Extracted records
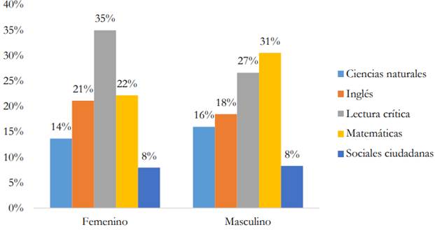 Los estudiantes varones obtuvieron mejores resultados que las mujeres, los hombres se destacan en matemáticas y las mujeres en lectura crítica. Este resultado coincide con el de otros estudios realizados en el país, donde se resaltan aspectos como la cultura, creencias, actitudes y el contexto socioeconómico como elementos favorecedores.
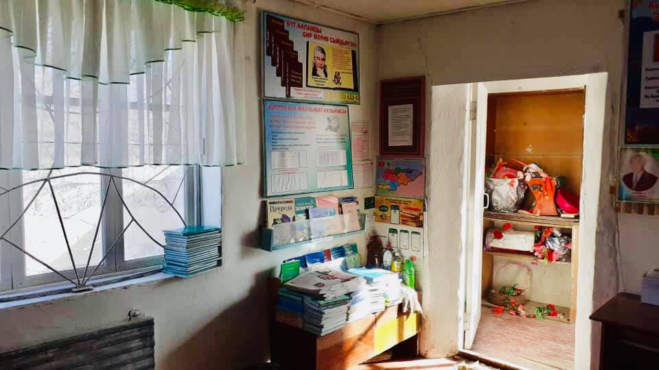 «Это библиотека школы, расположенной в селе Кызыл-Бель Баткенского района. Ее состояние и без слов видно. Окна разбиты, здание находится на грани краха. В зимнюю стужу здесь невозможно работать. Но, несмотря на это, моя мама на протяжении 40 лет продолжает работать в этом месте за копейки», — написал Алмаз Арапов, основатель академии в Кыргызстане, помогающий поступить в заграничные вузы.
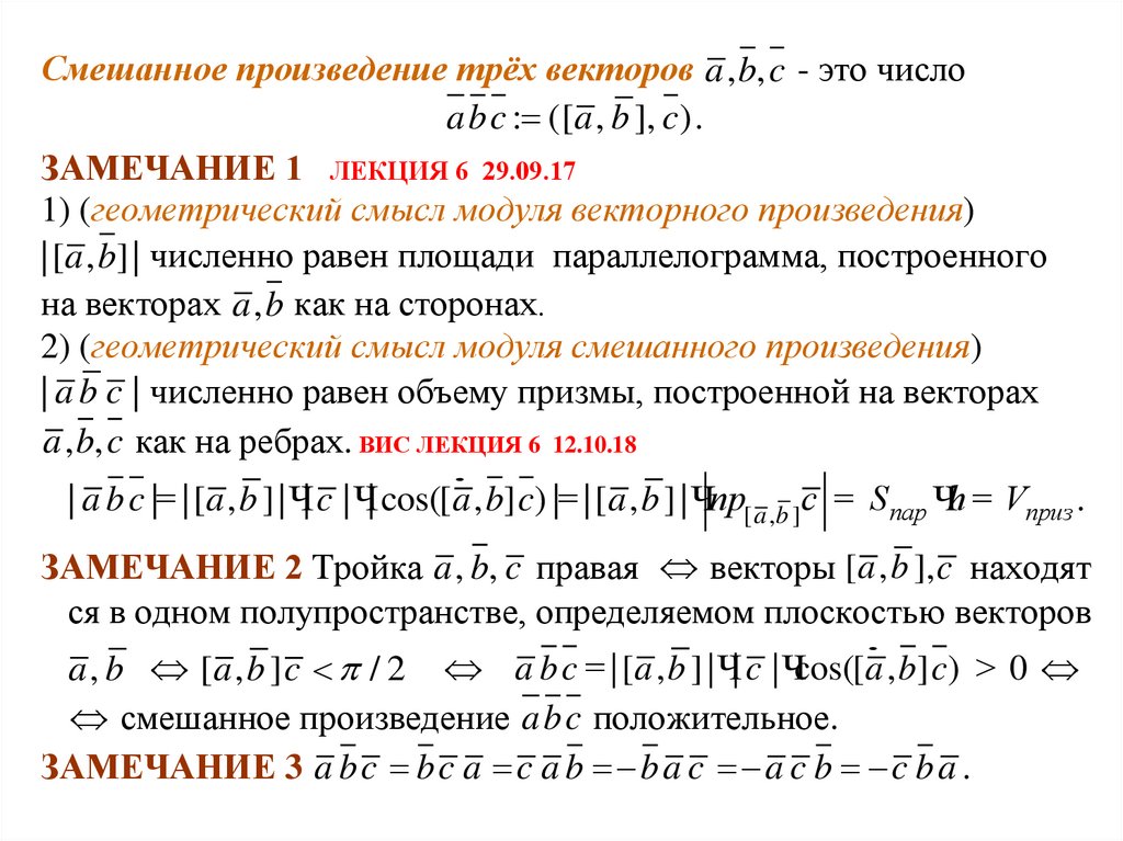 21. Опр. смешанного произведения и геом. смыслы модулей векторного и смешан
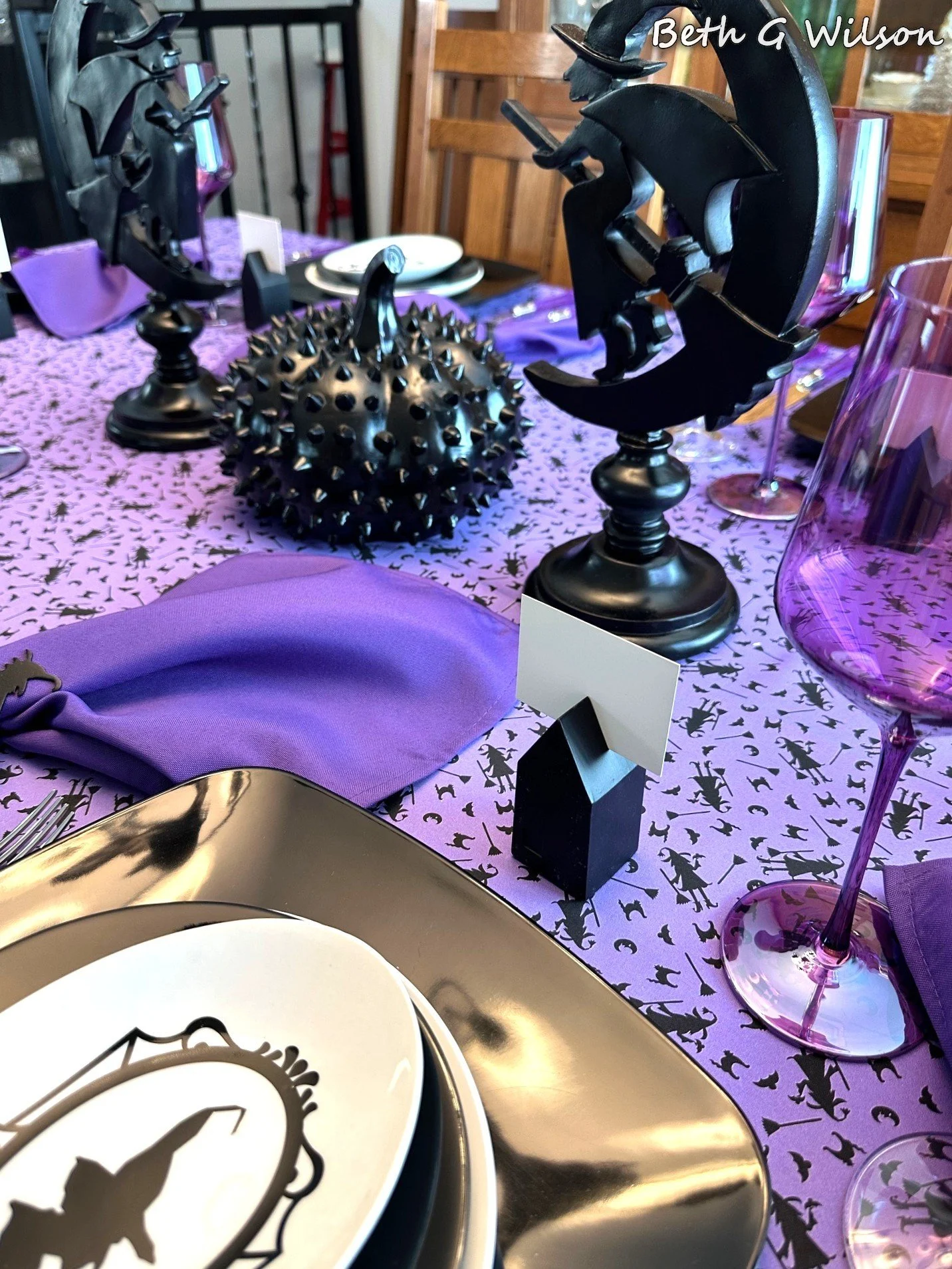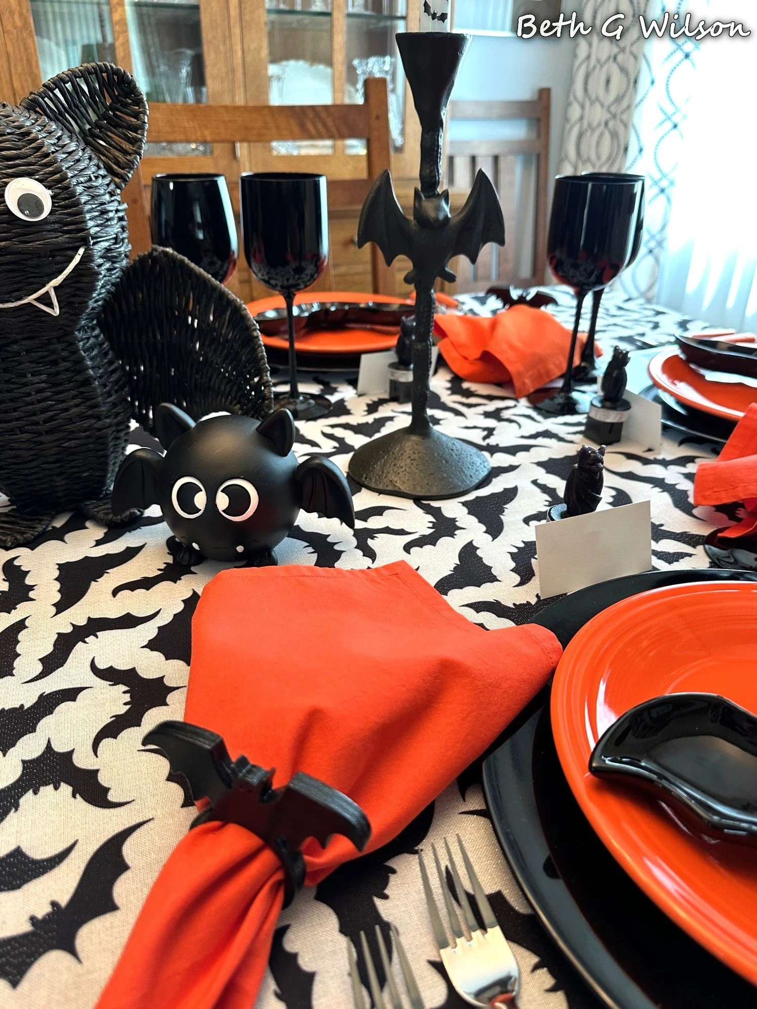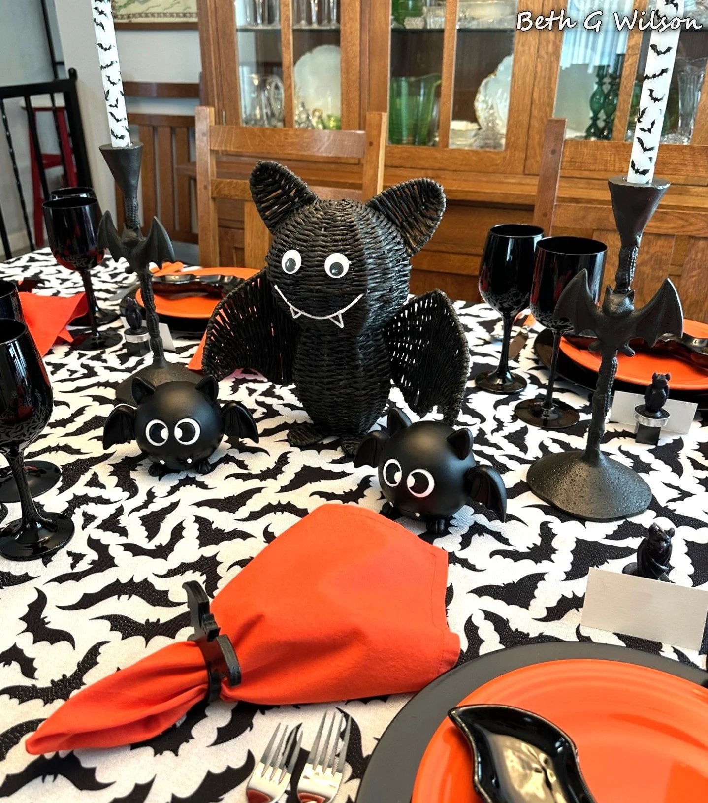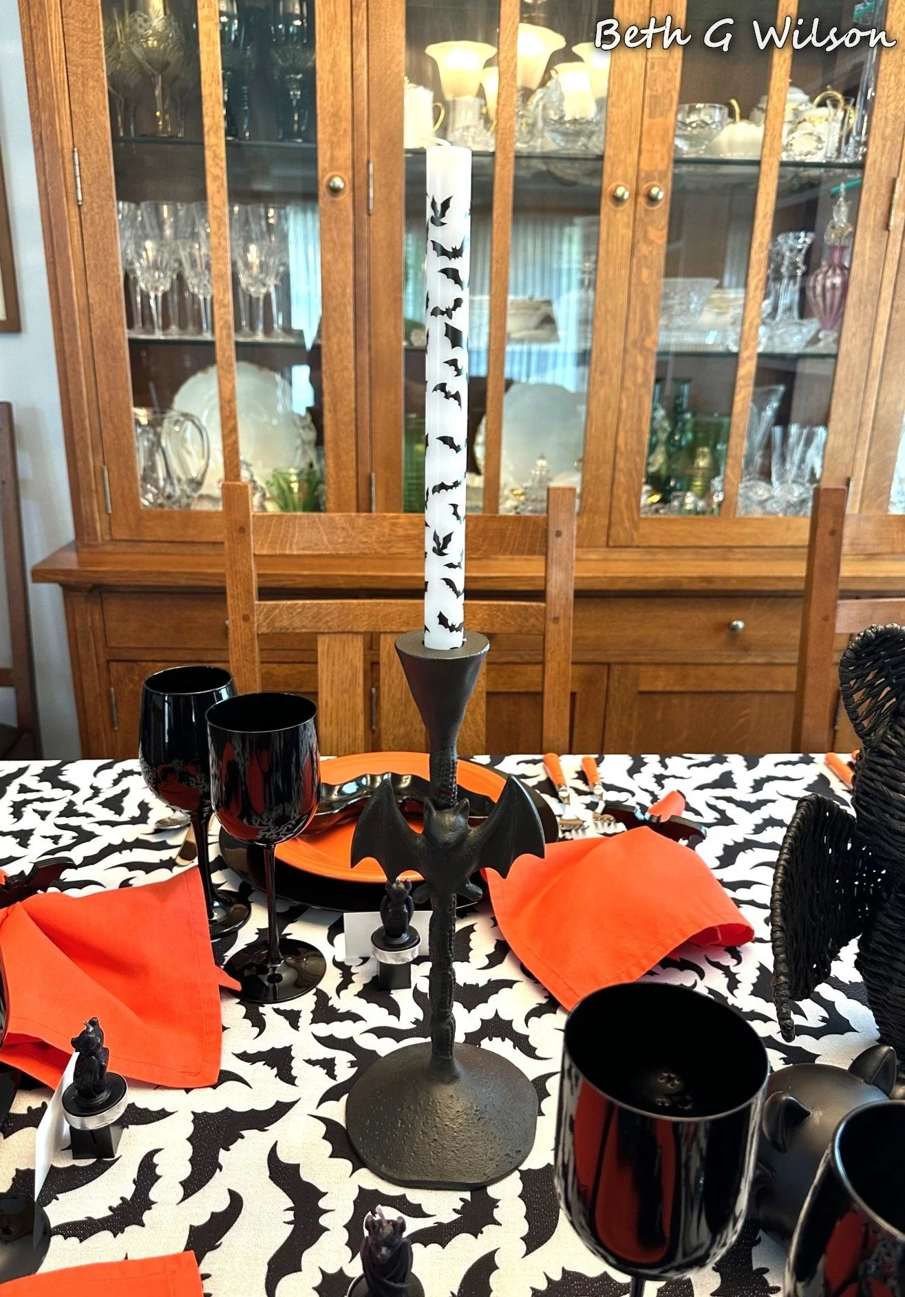 It’s interesting to compare this tablescape with my other Halloween Tablescapes. They show how changing some of the elements on a table can create a completely different tablescape.
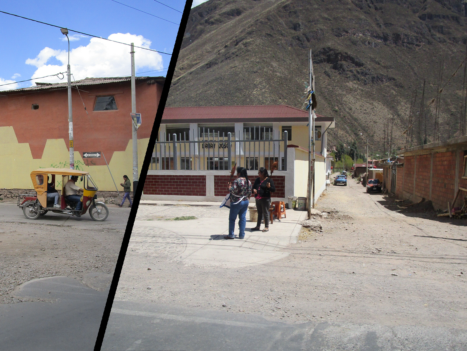 Driving through the small local towns, most people get around in Tuk Tuks -- a practical 3 wheel vehicle common here. These towns typically have a paved 'main' street with dirt roads for side streets. Locals sell roasted or fried guinea pigs on a stick on the street corners (a popular food here) -- and makeshift 'bars' called chicherias sell a traditional home brewed 'beer', often in the front room of someone's home. The houses selling the chicha beer are marked only by a broomstick with a red bag or balloon at the top (look down the side street, or click the picture for an enhanced view).
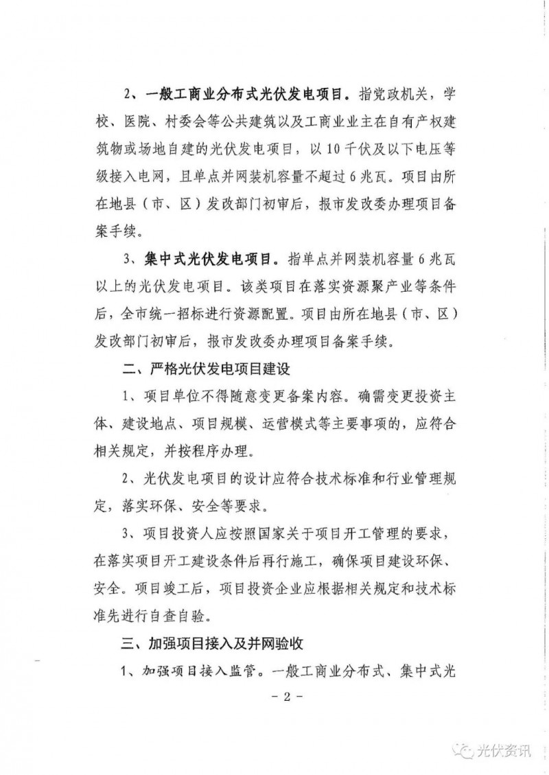 集中式光伏發(fā)電項(xiàng)目:指單點(diǎn)并網(wǎng)裝機(jī)容量6兆瓦以上的光伏發(fā)電項(xiàng)目。該類項(xiàng)目在落實(shí)資源聚產(chǎn)業(yè)等條件后,全市統(tǒng)一招標(biāo)進(jìn)行資源配置。項(xiàng)目由所在地縣(市、區(qū))

**What the task asks:**
After locating the line containing "в заграничные вузы." in the entries above, return it and every line after it exactly, ending at the line containing "21. Опр. смешанного", without pictures.

**Task result:**
 «Это библиотека школы, расположенной в селе Кызыл-Бель Баткенского района. Ее состояние и без слов видно. Окна разбиты, здание находится на грани краха. В зимнюю стужу здесь невозможно работать. Но, несмотря на это, моя мама на протяжении 40 лет продолжает работать в этом месте за копейки», — написал Алмаз Арапов, основатель академии в Кыргызстане, помогающий поступить в заграничные вузы.
 21. Опр. смешанного произведения и геом. смыслы модулей векторного и смешан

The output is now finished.